HONOLULU — The new commander of the U.S. Pacific Fleet, Adm. Gary Roughhead, an interested onlooker of the joint Chinese-Russian military maneuvers during the past eight days, has posed a critical question about the rapidly modernizing Chinese navy: “What do [the Chinese] see as the intended use of that navy?

“Clearly, the Chinese are developing a very capable modern military, especially the navy,” Adm. Roughead said in an interview at his Pearl Harbor headquarters.

If that navy “is to ensure the free flow of commerce, that would not be surprising,” he said, nodding toward the sea lanes in the South China and East China seas through which pass the oil and raw materials that feed China’s expanding economy, not to mention its soaring exports.

The admiral added, however: “What if the intent is not purely to defend the sea lanes?” He left the question open.

Adm. Roughead said his command had been watching the maneuvers centered in China on the Shandong Peninsula across the Yellow Sea from the Korean Peninsula.

He was keenly interested in learning what ships and aircraft the Chinese and Russians had sent into the war games, how they operated together, and how they integrated their commands and communications.

The exercise marked another step in a gradual Sino-Russian reconciliation after decades of rivalry during the days of the Soviet Union.

It appeared to have had three purposes: Put the United States on notice that it has military competitors in the Western Pacific; show the Taiwanese once again that China would use force if that island nation declared formal independence; and market more Russian weapons to China, which already has bought Russian warships and aircraft.

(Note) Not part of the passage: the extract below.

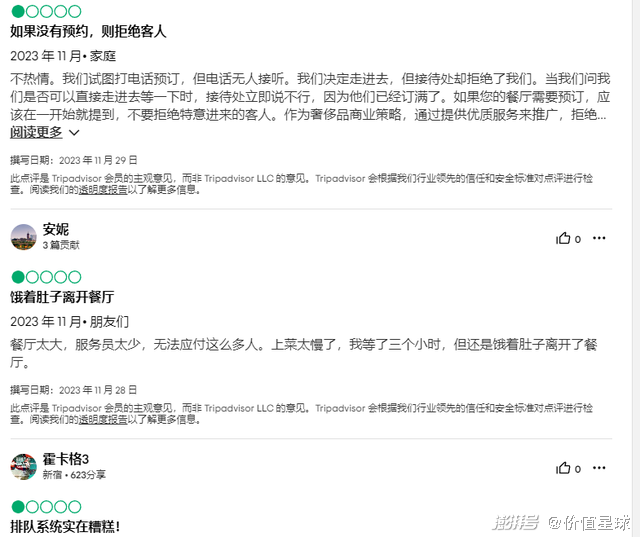 如果服务品质“缩水”,那么海底捞赖以成名的“绝活儿”就显得没那么厉害了。Trip Advisor平台上,不少用户吐槽海底捞新加坡克拉码头店服务员少、排队系统糟糕、无法预订等问题。

The U.S. Pacific Fleet was not invited to send observers to the maneuvers, nor would Adm. Roughead or any other officer discuss ways in which intelligence was being gathered.

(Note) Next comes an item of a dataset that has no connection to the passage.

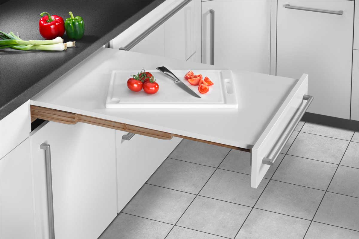 Roll Ausziehtisch Schafft Augenblicklich Zusatzliche Arbeitsflache In Der Kuche Ausziehtisch Arbeitsflache Kuche Klapptisch Kuche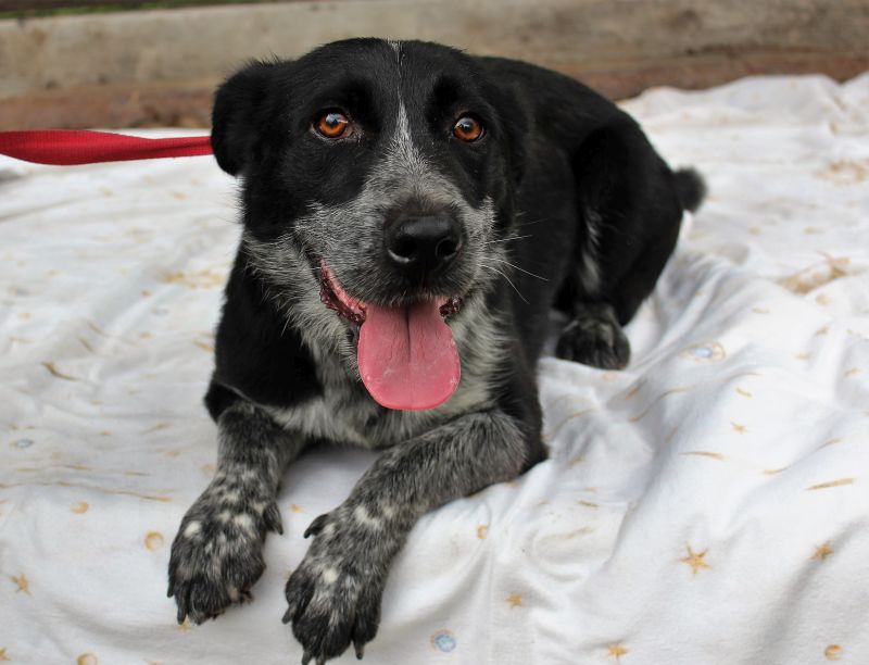 - pies, średni, czarny z białym krawatem, białymi nakrapianymi łapami, gładki, 1,5 roku

It would have been normal practice, however, for U.S. forces to have been watching and listening closely, using U.S. submarines, reconnaissance aircraft and surveillance satellites.

Adm. Roughead, who took command of the Pacific Fleet’s 200 warships, 1,400 aircraft, and 190,000 sailors and Marines on July 8, said he would not drastically change course from that set by his predecessor, Adm. Walter F. Doran.

“When you come on watch,” Adm. Roughead said, “normally you don’t try to trim the sails right away.”

Much of his attention will be directed to continuing the transformation of the armed forces as ordered by Defense Secretary Donald H. Rumsfeld.

In the Pacific and Asia, that objective is adding to Navy responsibilities as the United States plans to depend on sea power and air power rather than ground forces in most contingencies.

On the dispute over Taiwan, for instance, the United States would rely on ships and planes to help defend Taiwan if China sought to enforce its claim of sovereignty with an assault, and if President Bush decided it would be in the U.S.’s interest to resist.

Adm. Roughead said he planned to invite more Asian and Pacific navies to take part in multilateral exercises, in contrast to bilateral drills.

To increase their ability to operate together, he would like to persuade allied navies to codify their procedures.

That would be true not only with blue-water navies, such as those of Japan, Australia and India, but also with the smaller navies of Southeast Asia fighting pirates that prey on merchant ships in those constricted waters.

The admiral stressed, however, that he would seek informal arrangements, not another NATO one.

The need for codified procedures is also needed within the U.S. Navy, Adm. Roughead said.

Not many years ago, the United States really had two navies, the Atlantic and the Pacific, each with its own way of operating. With a smaller Navy today, ships could be deployed from one fleet to another and must be able to fit in to a new assignment seamlessly.

With an eye toward China’s expanding submarine force, Adm. Roughead emphasized anti-submarine warfare.

The Navy relies on submarines, said to be the best weapon against other submarines, and surface ships equipped with sonar and torpedoes. It also depends on new anti-submarine missiles and low-flying aircraft such as the PA-C Orion laden with detection devices and weapons.

“This is an area that we want to be able to dominate,” the admiral said.